Evaluation of sequential solvent and thermal extraction followed by analytical pyrolysis for chemical characterization of carbonaceous particulate matter

A stepwise analytical protocol is presented for recognition of uncharacterized organic chemical entities comprising carbonaceous air particulate matter (PM). In this method, thermal treatment of PM samples starts with thermal extraction (TE) using temperatures below 300 °C to evolve volatile low molecular weight (LMW) chemicals followed by pyrolysis (Py) of non-volatile high molecular weight (HMW) compounds to yield signature patterns of their decomposition products. Both volatile species and pyrolyzed products are characterized using gas chromatography (GC) with a mass spectrometric (MS) detection. The efficacy of sequential TE (at 200 and 300 °C) and Py (at 400, 500, 600, 700, 800, 900 and 1000 °C) was demonstrated on a defined mixture of LMW species and non-volatile polystyrene, a model HMW compound.
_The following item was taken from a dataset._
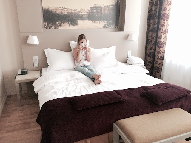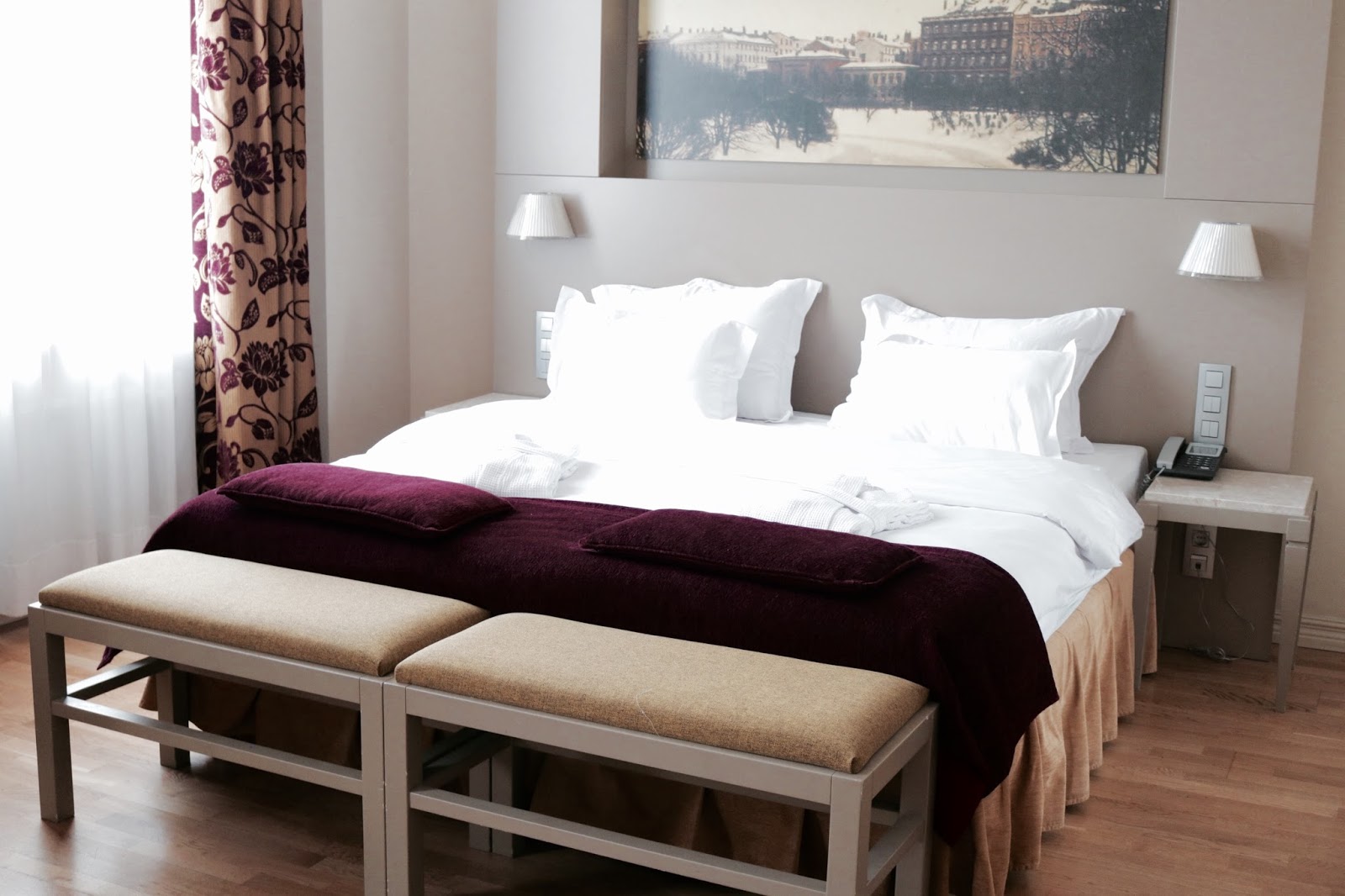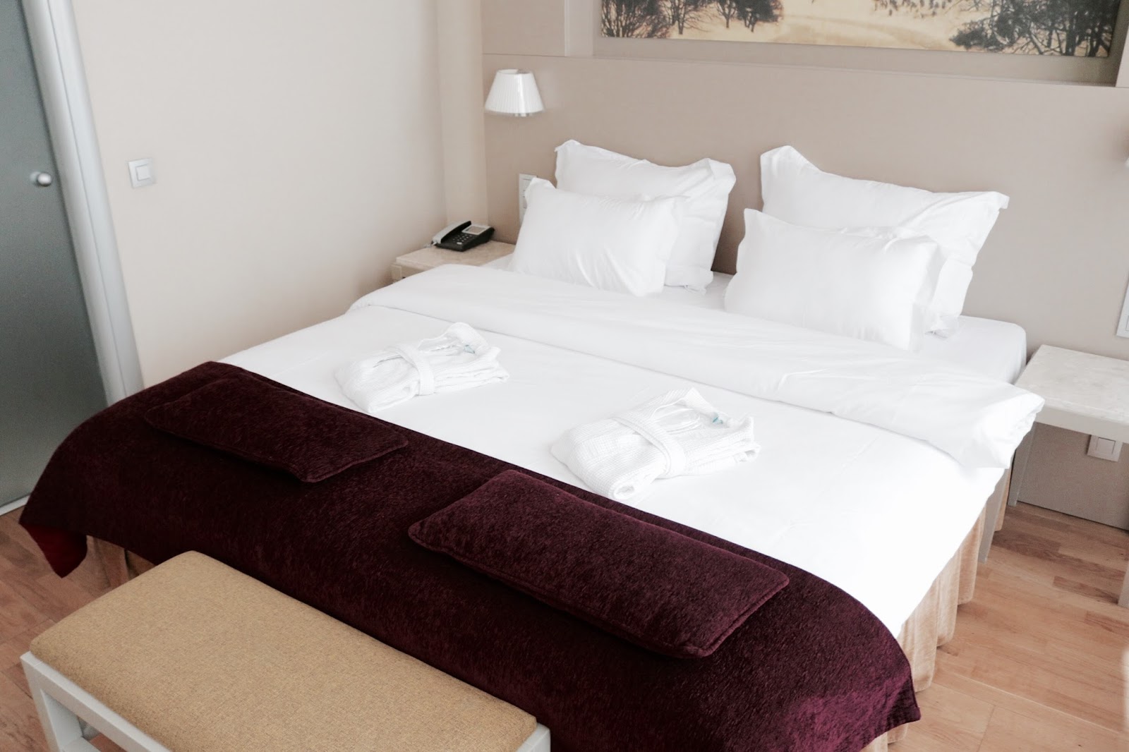 Viešbučio privalumas- vieta. Turbūt, tai ir bus didžiausias pliusas. Likome patenkinti ir kambariais, jie labai erdvūs ir tvarkingi. Tačiau apsistojome ne standartiname numeryje, bet gavome geresnįjį dvivietį kambarį. Tad mūsų čia laukė vonia, su keliomis masažinėmis srovėmis. Tiesa mažytė, tad taip ir nepasinaudojome. Taip pat kambaryje buvo mini baras, nors ir mokamas, tačiau pasirinkimas platus. Didžiulis plokščiaekranis televizorius- šiuo privalumu taip pat nepasinaudojome, kadangi beveik visą laiką keliavome pažinti miestą, tad viešbutyje tik permiegodavome. Kambaryje rasite ir virdulį bei kavos, arbatos. Mūsų mažylių personalas pasirūpino taip pat kambaryje pastatydami maniežą. Tad ir Gustas turėjo savo zoną, kurioje ne tik miegodavo, bet ir žaisdavo. O ir mūsų lovos labai didelės ir tikrai patogios. Man tai būna ko ne svarbiausia viešbutyje. Ir išsimiegojau puikiai. Turėjome abu po dviejų dydžių pagalvę, galėjome išsirinkti patogiausią sau.

When a solid matrix, in a form of silica or graphite particles, was introduced to this system, we determined that a solvent extraction (SE) applied prior to a sequential TE/Py-GC/MS sample analysis was an essential step to eliminate the analyte–matrix interactions, which hindered the vaporization of LMW compounds from a solid matrix resulting in a poor TE/Py separation. This SE/TE/Py-GC/MS method was then successfully applied to PM samples representing real-world PM matrices to discover several novel features of PM composition. HMW species were observed in both water-soluble (extracts) and unextractable (solid residues after an exhaustive solvent extraction) fractions of wood smoke and urban PM. The species evolving upon pyrolysis were associated with the corresponding precursor polymers, such as oxidized fragments of lignin, polysaccharides and lipids, in wood smoke PM and non-volatile anthropogenic hydrocarbons in urban PM. The proposed sequential SE/TE/Py-GC/MS protocol is capable of revealing otherwise unobserved chemical components while providing useful information on their interactions within a complex and poorly characterized PM matrix. Signature SE/TE/Py profiles, i.e., PM “fingerprints,” provided by our approach may prove useful in source apportionment studies.